Although the records include pictures, the copy should not; write out exactly the lines from the first through the line with "Freeforms-chocolate calcite, garden".

(Collection entries)
================================
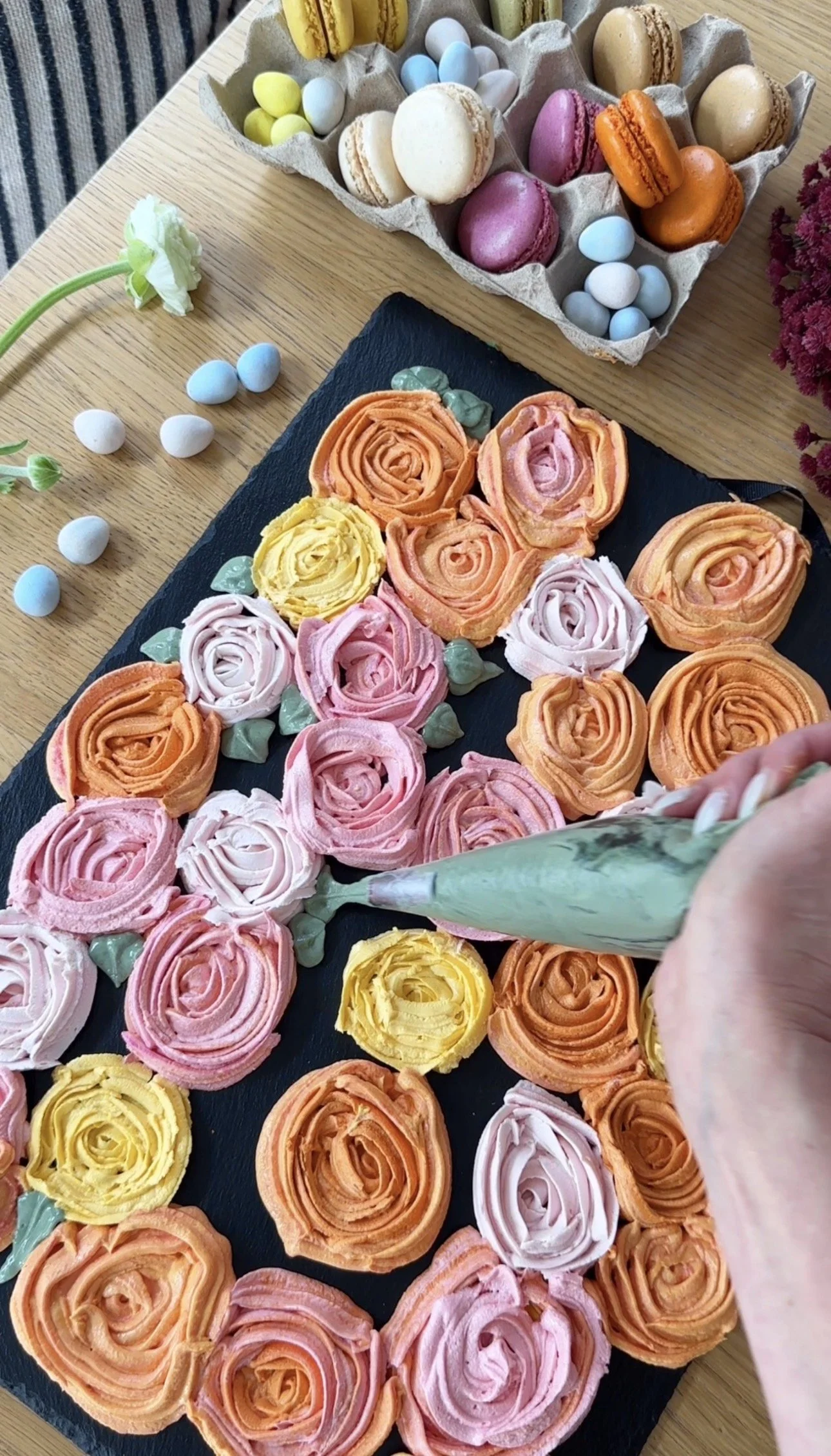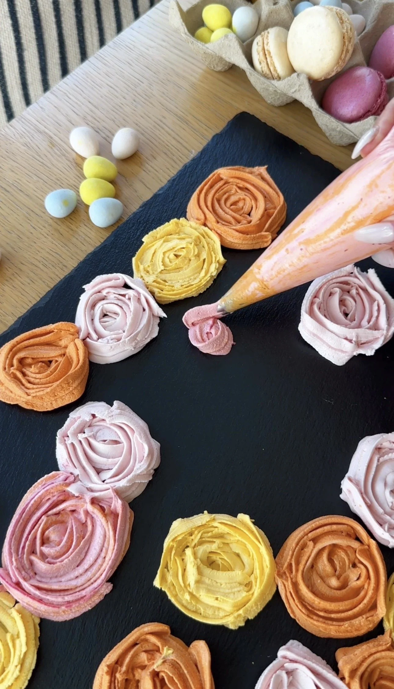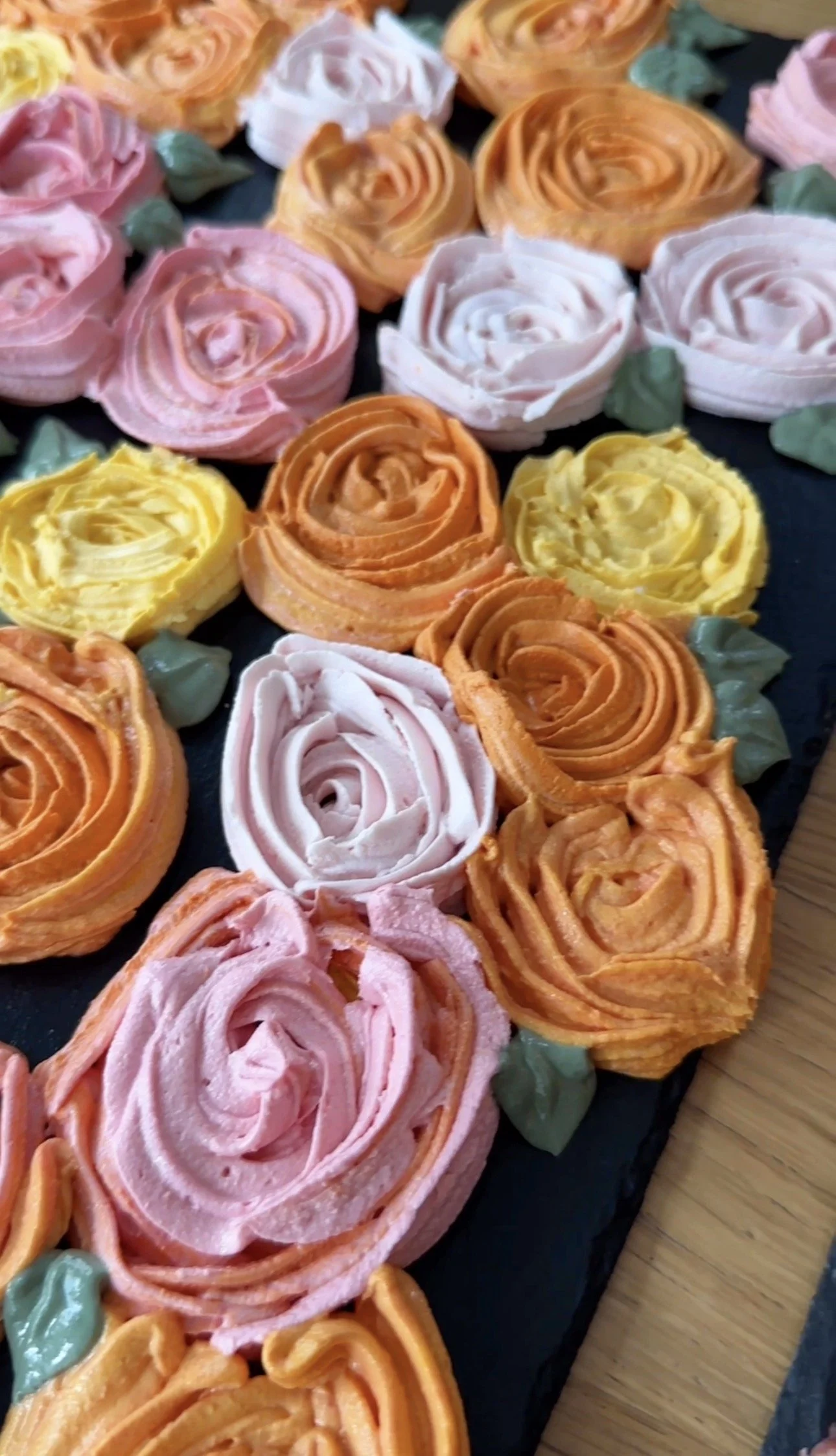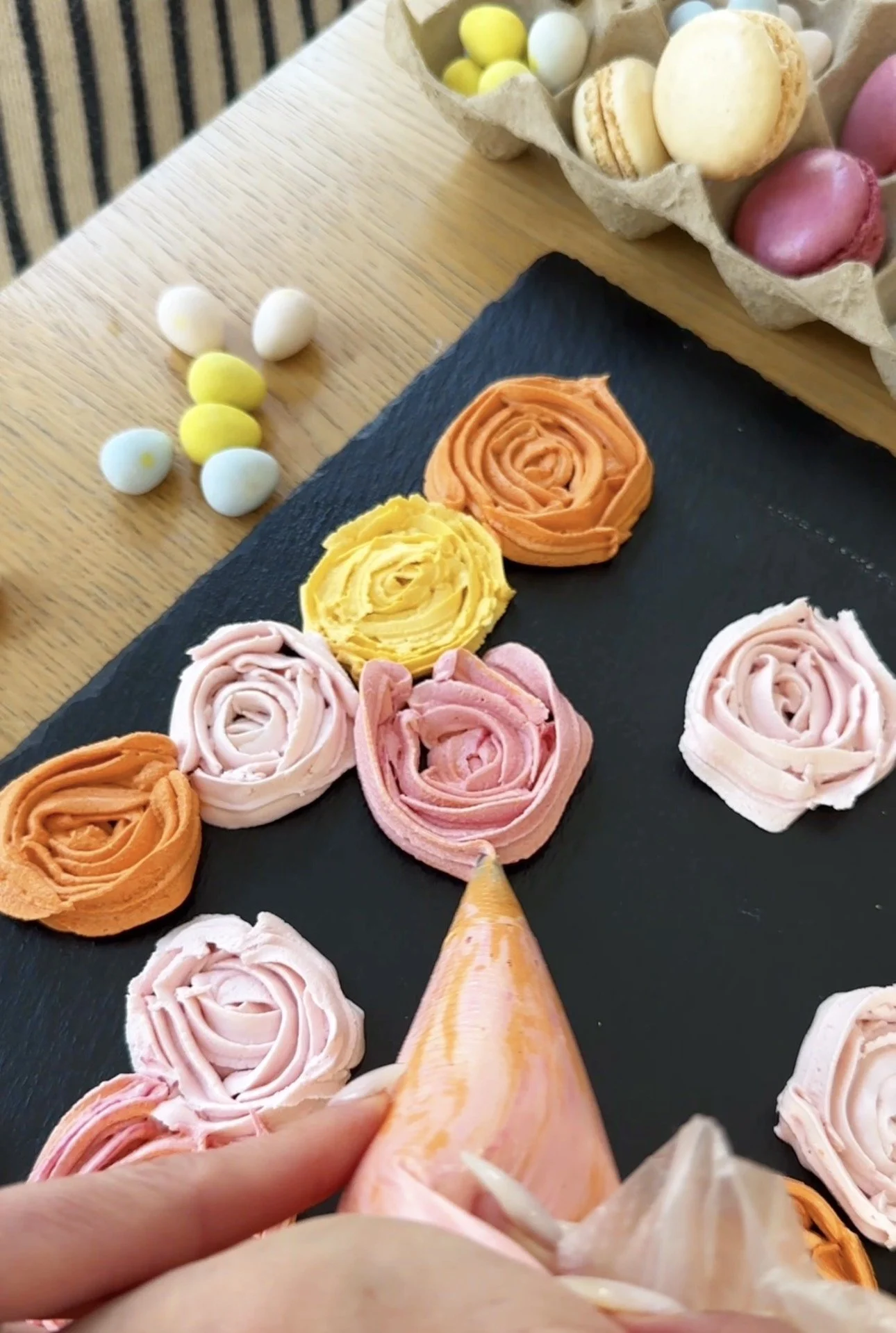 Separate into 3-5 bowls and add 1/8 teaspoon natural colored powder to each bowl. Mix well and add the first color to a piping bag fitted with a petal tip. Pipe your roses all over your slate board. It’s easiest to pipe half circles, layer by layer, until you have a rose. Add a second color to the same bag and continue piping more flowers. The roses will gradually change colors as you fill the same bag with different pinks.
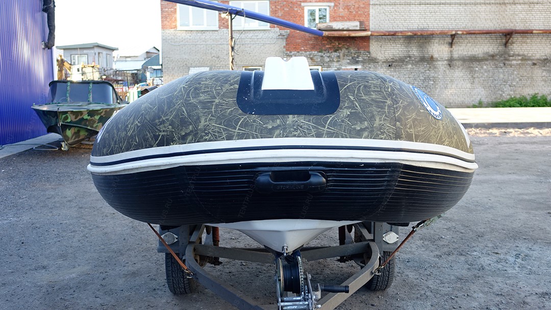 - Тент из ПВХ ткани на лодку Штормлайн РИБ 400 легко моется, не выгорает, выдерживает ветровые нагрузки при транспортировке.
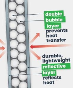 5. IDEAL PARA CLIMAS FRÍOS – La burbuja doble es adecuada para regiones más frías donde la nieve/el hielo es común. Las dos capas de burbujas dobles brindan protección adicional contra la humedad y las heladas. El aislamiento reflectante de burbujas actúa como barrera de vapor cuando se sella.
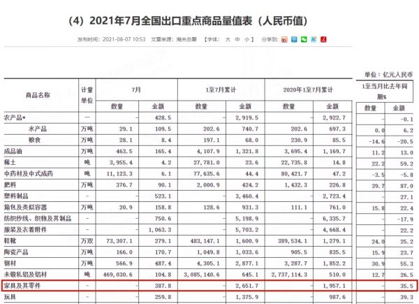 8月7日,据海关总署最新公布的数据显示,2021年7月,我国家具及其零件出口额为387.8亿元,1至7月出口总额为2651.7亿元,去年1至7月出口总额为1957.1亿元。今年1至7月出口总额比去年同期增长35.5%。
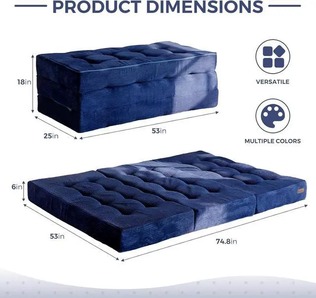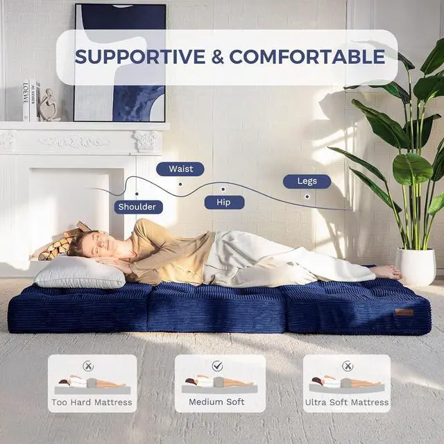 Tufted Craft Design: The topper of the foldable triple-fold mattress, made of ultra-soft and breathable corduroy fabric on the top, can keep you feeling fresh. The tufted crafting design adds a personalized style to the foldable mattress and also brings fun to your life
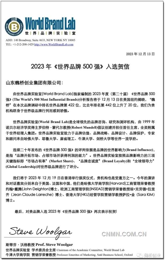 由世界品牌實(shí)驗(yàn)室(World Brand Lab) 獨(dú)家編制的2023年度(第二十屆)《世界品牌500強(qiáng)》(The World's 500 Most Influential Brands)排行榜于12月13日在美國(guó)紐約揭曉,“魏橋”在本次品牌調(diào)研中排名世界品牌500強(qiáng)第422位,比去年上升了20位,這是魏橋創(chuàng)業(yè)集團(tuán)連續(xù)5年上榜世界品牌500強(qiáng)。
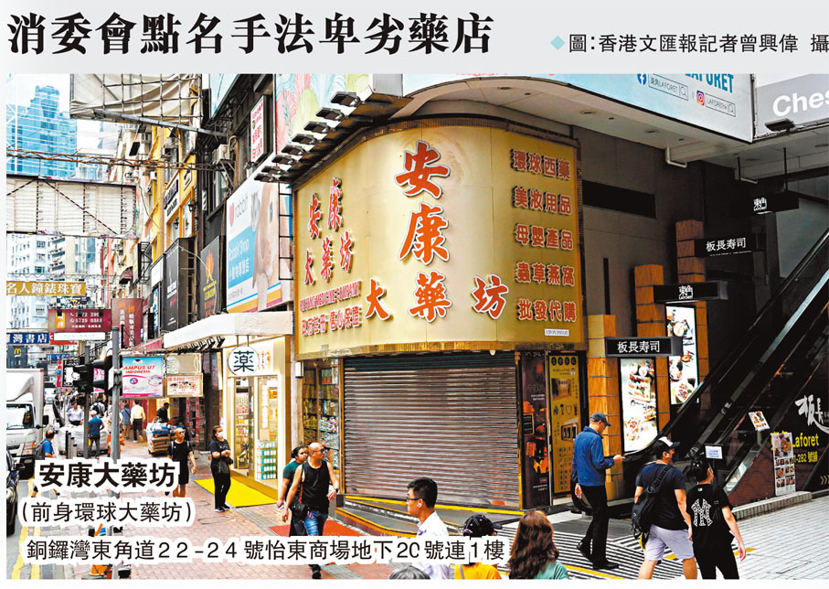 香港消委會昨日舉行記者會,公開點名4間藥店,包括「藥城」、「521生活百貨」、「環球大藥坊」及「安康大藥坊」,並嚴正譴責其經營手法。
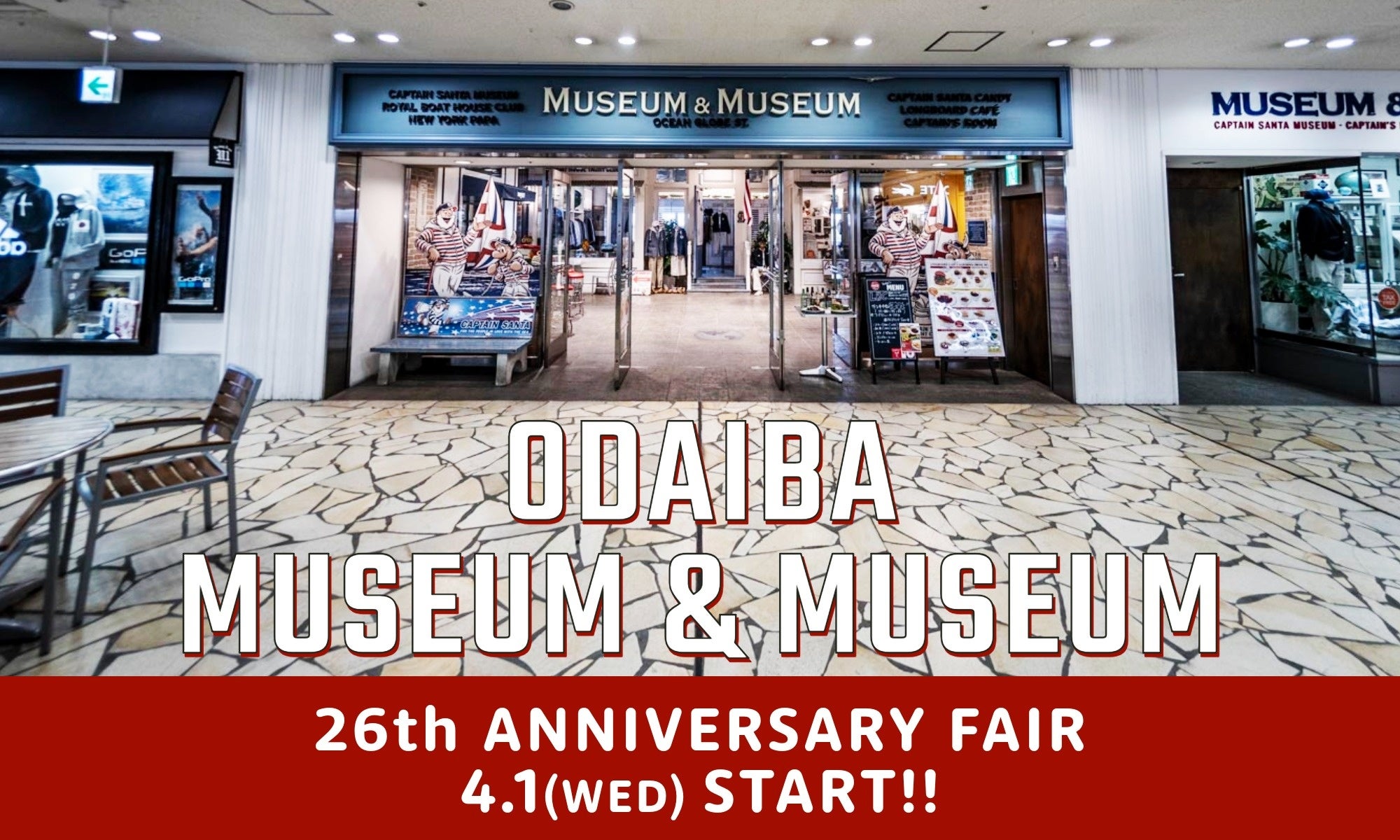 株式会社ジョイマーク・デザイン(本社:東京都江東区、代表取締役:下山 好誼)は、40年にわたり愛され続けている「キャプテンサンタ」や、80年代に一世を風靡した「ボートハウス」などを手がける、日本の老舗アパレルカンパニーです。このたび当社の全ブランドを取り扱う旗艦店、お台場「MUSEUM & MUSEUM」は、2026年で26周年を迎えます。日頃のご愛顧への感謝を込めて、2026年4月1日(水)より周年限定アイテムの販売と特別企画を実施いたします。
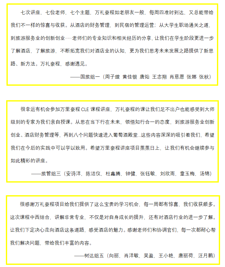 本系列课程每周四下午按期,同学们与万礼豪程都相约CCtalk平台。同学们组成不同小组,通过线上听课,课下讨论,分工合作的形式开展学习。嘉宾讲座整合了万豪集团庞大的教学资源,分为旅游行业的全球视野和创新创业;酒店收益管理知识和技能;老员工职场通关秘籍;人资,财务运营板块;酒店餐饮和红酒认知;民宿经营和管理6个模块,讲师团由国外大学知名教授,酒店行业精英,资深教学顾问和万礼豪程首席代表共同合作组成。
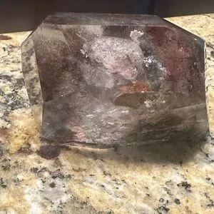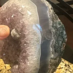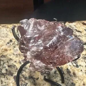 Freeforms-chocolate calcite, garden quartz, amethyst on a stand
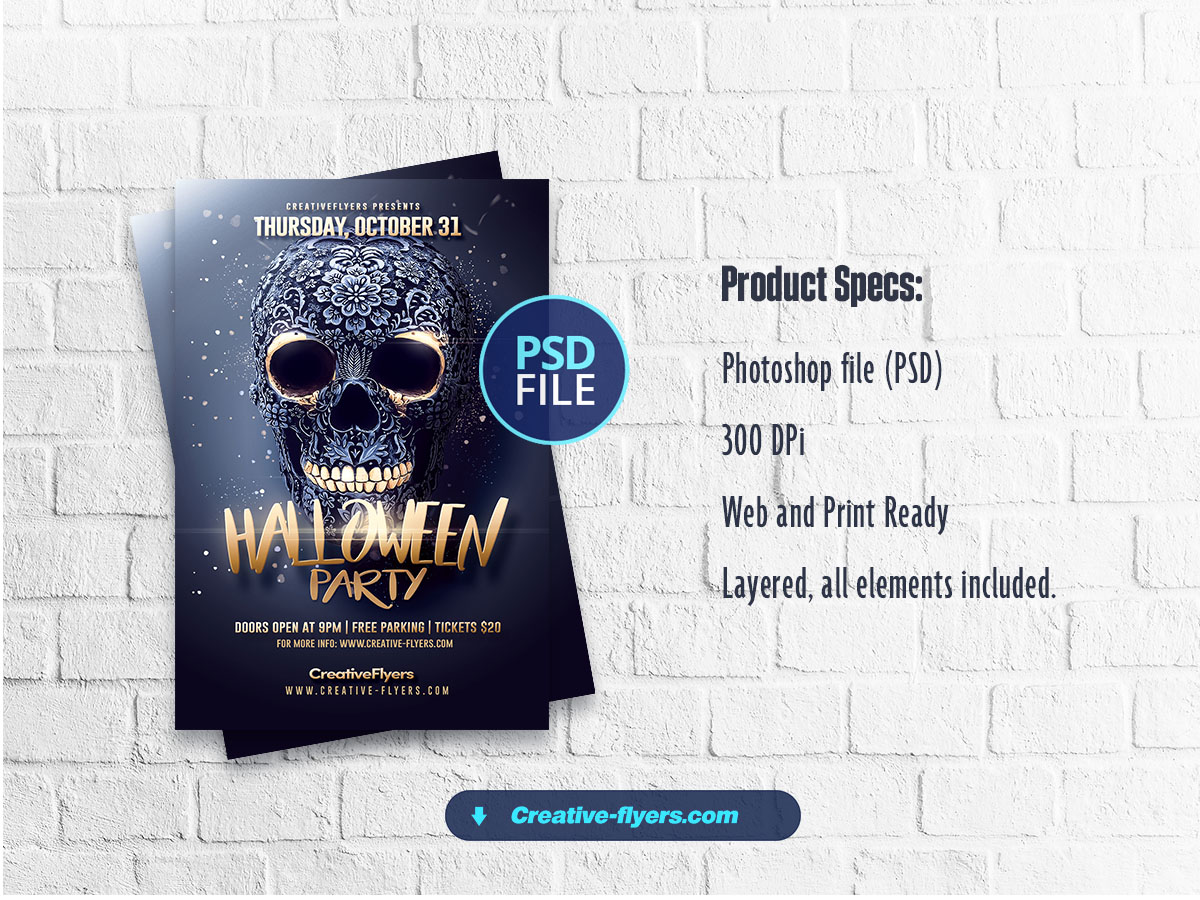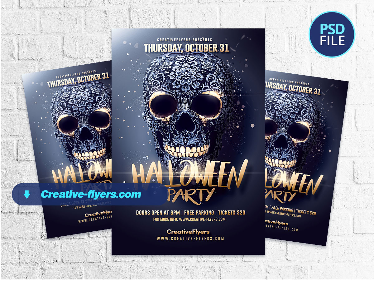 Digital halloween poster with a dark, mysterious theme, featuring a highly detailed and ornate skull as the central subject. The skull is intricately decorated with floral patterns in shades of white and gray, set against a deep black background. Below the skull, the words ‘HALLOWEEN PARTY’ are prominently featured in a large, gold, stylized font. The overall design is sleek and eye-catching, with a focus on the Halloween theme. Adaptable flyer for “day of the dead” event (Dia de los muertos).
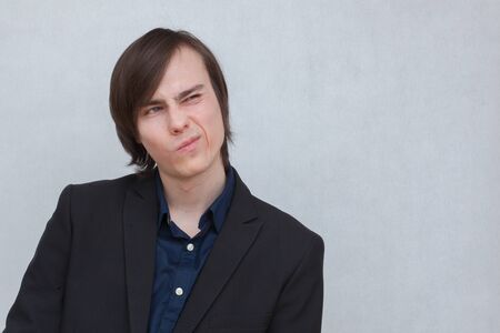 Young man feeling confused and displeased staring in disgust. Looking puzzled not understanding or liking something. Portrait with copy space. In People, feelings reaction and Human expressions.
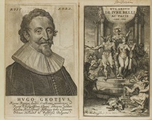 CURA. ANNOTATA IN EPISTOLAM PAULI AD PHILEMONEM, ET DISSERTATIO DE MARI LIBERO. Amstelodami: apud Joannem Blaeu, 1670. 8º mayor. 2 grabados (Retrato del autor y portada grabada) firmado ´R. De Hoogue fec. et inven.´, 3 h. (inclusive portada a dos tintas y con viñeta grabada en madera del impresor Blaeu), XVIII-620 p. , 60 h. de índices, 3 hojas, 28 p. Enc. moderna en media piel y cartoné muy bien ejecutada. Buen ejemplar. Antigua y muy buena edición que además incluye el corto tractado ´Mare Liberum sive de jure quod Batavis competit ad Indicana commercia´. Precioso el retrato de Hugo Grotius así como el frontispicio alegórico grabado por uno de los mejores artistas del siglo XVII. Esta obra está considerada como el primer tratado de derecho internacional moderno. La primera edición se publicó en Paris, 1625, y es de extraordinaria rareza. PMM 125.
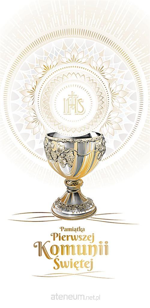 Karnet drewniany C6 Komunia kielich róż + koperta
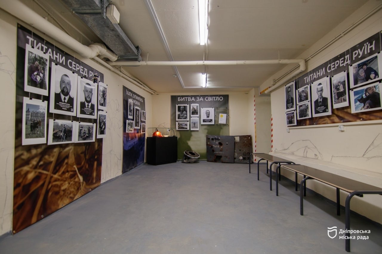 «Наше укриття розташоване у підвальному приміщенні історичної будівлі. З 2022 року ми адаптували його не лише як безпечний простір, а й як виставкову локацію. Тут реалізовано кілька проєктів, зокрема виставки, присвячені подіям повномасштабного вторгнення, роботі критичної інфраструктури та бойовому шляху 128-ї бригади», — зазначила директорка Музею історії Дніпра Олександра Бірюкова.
================================
Answer to this problem |
 Separate into 3-5 bowls and add 1/8 teaspoon natural colored powder to each bowl. Mix well and add the first color to a piping bag fitted with a petal tip. Pipe your roses all over your slate board. It’s easiest to pipe half circles, layer by layer, until you have a rose. Add a second color to the same bag and continue piping more flowers. The roses will gradually change colors as you fill the same bag with different pinks.
 - Тент из ПВХ ткани на лодку Штормлайн РИБ 400 легко моется, не выгорает, выдерживает ветровые нагрузки при транспортировке.
 5. IDEAL PARA CLIMAS FRÍOS – La burbuja doble es adecuada para regiones más frías donde la nieve/el hielo es común. Las dos capas de burbujas dobles brindan protección adicional contra la humedad y las heladas. El aislamiento reflectante de burbujas actúa como barrera de vapor cuando se sella.
 8月7日,据海关总署最新公布的数据显示,2021年7月,我国家具及其零件出口额为387.8亿元,1至7月出口总额为2651.7亿元,去年1至7月出口总额为1957.1亿元。今年1至7月出口总额比去年同期增长35.5%。
 Tufted Craft Design: The topper of the foldable triple-fold mattress, made of ultra-soft and breathable corduroy fabric on the top, can keep you feeling fresh. The tufted crafting design adds a personalized style to the foldable mattress and also brings fun to your life
 由世界品牌實(shí)驗(yàn)室(World Brand Lab) 獨(dú)家編制的2023年度(第二十屆)《世界品牌500強(qiáng)》(The World's 500 Most Influential Brands)排行榜于12月13日在美國(guó)紐約揭曉,“魏橋”在本次品牌調(diào)研中排名世界品牌500強(qiáng)第422位,比去年上升了20位,這是魏橋創(chuàng)業(yè)集團(tuán)連續(xù)5年上榜世界品牌500強(qiáng)。
 香港消委會昨日舉行記者會,公開點名4間藥店,包括「藥城」、「521生活百貨」、「環球大藥坊」及「安康大藥坊」,並嚴正譴責其經營手法。
 株式会社ジョイマーク・デザイン(本社:東京都江東区、代表取締役:下山 好誼)は、40年にわたり愛され続けている「キャプテンサンタ」や、80年代に一世を風靡した「ボートハウス」などを手がける、日本の老舗アパレルカンパニーです。このたび当社の全ブランドを取り扱う旗艦店、お台場「MUSEUM & MUSEUM」は、2026年で26周年を迎えます。日頃のご愛顧への感謝を込めて、2026年4月1日(水)より周年限定アイテムの販売と特別企画を実施いたします。
 本系列课程每周四下午按期,同学们与万礼豪程都相约CCtalk平台。同学们组成不同小组,通过线上听课,课下讨论,分工合作的形式开展学习。嘉宾讲座整合了万豪集团庞大的教学资源,分为旅游行业的全球视野和创新创业;酒店收益管理知识和技能;老员工职场通关秘籍;人资,财务运营板块;酒店餐饮和红酒认知;民宿经营和管理6个模块,讲师团由国外大学知名教授,酒店行业精英,资深教学顾问和万礼豪程首席代表共同合作组成。
 Freeforms-chocolate calcite, garden quartz, amethyst on a stand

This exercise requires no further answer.